Link Matching

Taras_96 · May 5, 2007

Hi everyone,

I need to write a regex that parses some HTML text to output all links
whose text (the text that appears on the screen) a given expression.

eg: findLinks(html,'(.*)o(.*)') called on the html code

<a>one</a>
<a>three</a>
<a>two</a>

Should return two matches, <a>one</a> and <a>two</a>

I'm a bit new with regexs. At the moment I have:

'/<a[^><]*href\s*=\s*[^>]*>'.$regex.'<\/a>/'

(I'm only interested with tags that have a href attribute)

which greedily matches the entire input string.

How do I make the </a> match non greedy? I've read that (.*?)<\/a>
makes the match non greedy, but this doesn't account for the form of
the link text.

Thanks

Taras

Jürgen Exner · May 5, 2007

Taras_96 said:
Hi everyone,

I need to write a regex that parses some HTML text

Bad idea. See "perldoc -q HTML"
How do I remove HTML from a string?
and the gazillions of previous articles about this topic about why and what
to do instead.

jue

brian d foy · May 5, 2007

I need to write a regex that parses some HTML text to output all links
whose text (the text that appears on the screen) a given expression.

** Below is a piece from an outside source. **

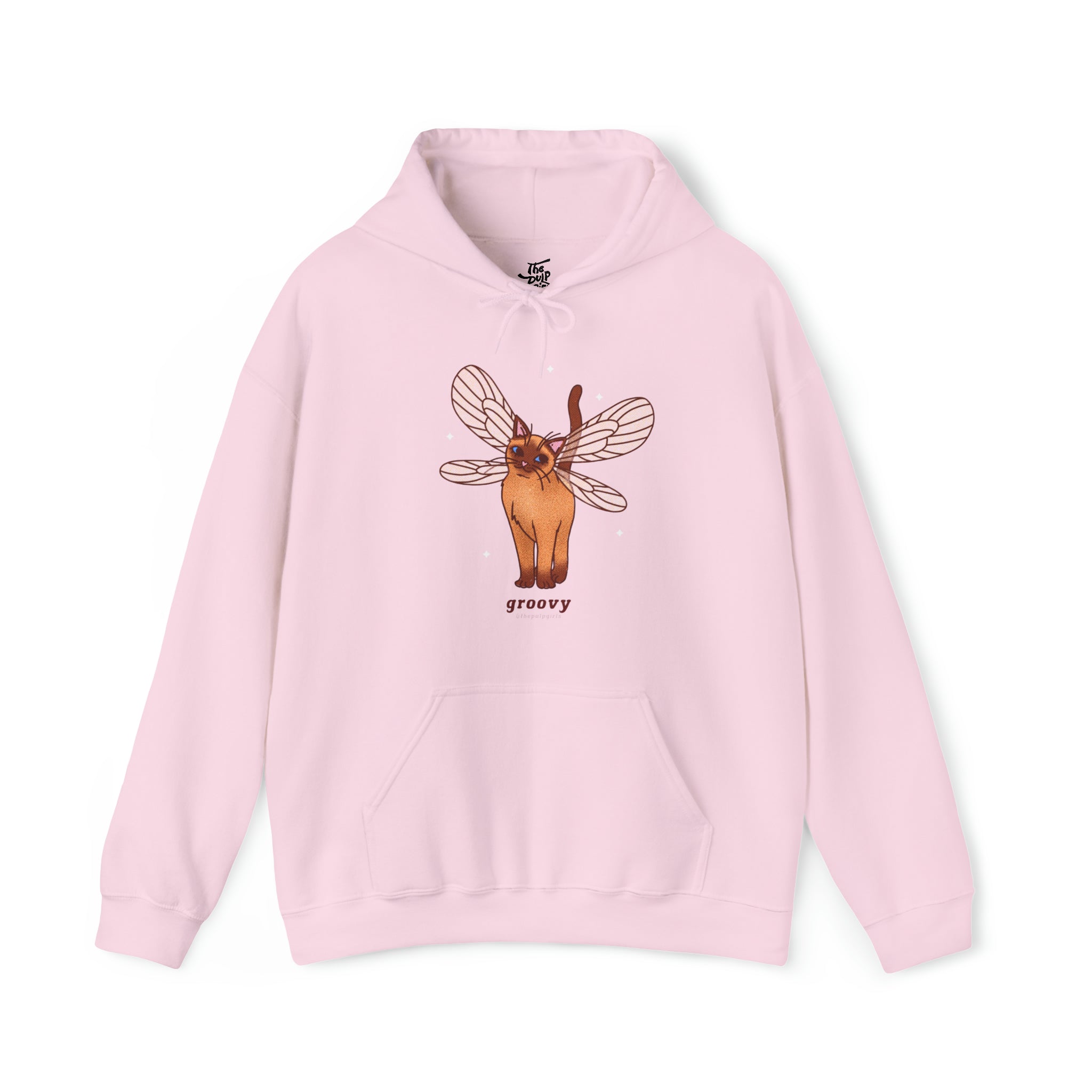 Invite some magic into your day with the fairy cat hooded sweatshirt! A blessed fairy kitty graces the front of this hoodie, reminding you that you're simply the grooviest babe around. Perfect for cat lovers and cottagecore fans alike!

eg: findLinks(html,'(.*)o(.*)') called on the html code

I think you want HTML::LinkExtractor

http://search.cpan.org/dist/HTML-LinkExtractor/

Gunnar Hjalmarsson · May 5, 2007

Taras_96 said:
'/<a[^><]*href\s*=\s*[^>]*>'.$regex.'<\/a>/'

(I'm only interested with tags that have a href attribute)

which greedily matches the entire input string.

How do I make the </a> match non greedy? I've read that (.*?)<\/a>
makes the match non greedy, but this doesn't account for the form of
the link text.

Really? Even if a regex would be sufficient for the task you are trying
to accomplish, I'm not convinced. Can you demonstrate your claim with
some runnable example code?

Tad McClellan · May 5, 2007

Petr Vileta said:
$page =~ s/^.+?<a\s+.*?href=.+?>(.+?)<\/a>(.+)$/$2/si;
print "$1\n";

You should never use the dollar-digit variables unless
you have first ensured that the pattern match _succeeded_.

Tad McClellan · May 5, 2007

Petr Vileta said:
Assume that variable $page contain html code.

OK.

--------------------------
#!/usr/bin/perl
use warnings;
use strict;

my $page = '<html></html>';

while ($page =~ m/<a\s+.*?href=.+?>/sig)
{
$page =~ s/^.+?<a\s+.*?href=.+?>(.+?)<\/a>(.+)$/$2/si;
print "$1\n";
}
--------------------------

That link-finding program does exactly what it is supposed to do.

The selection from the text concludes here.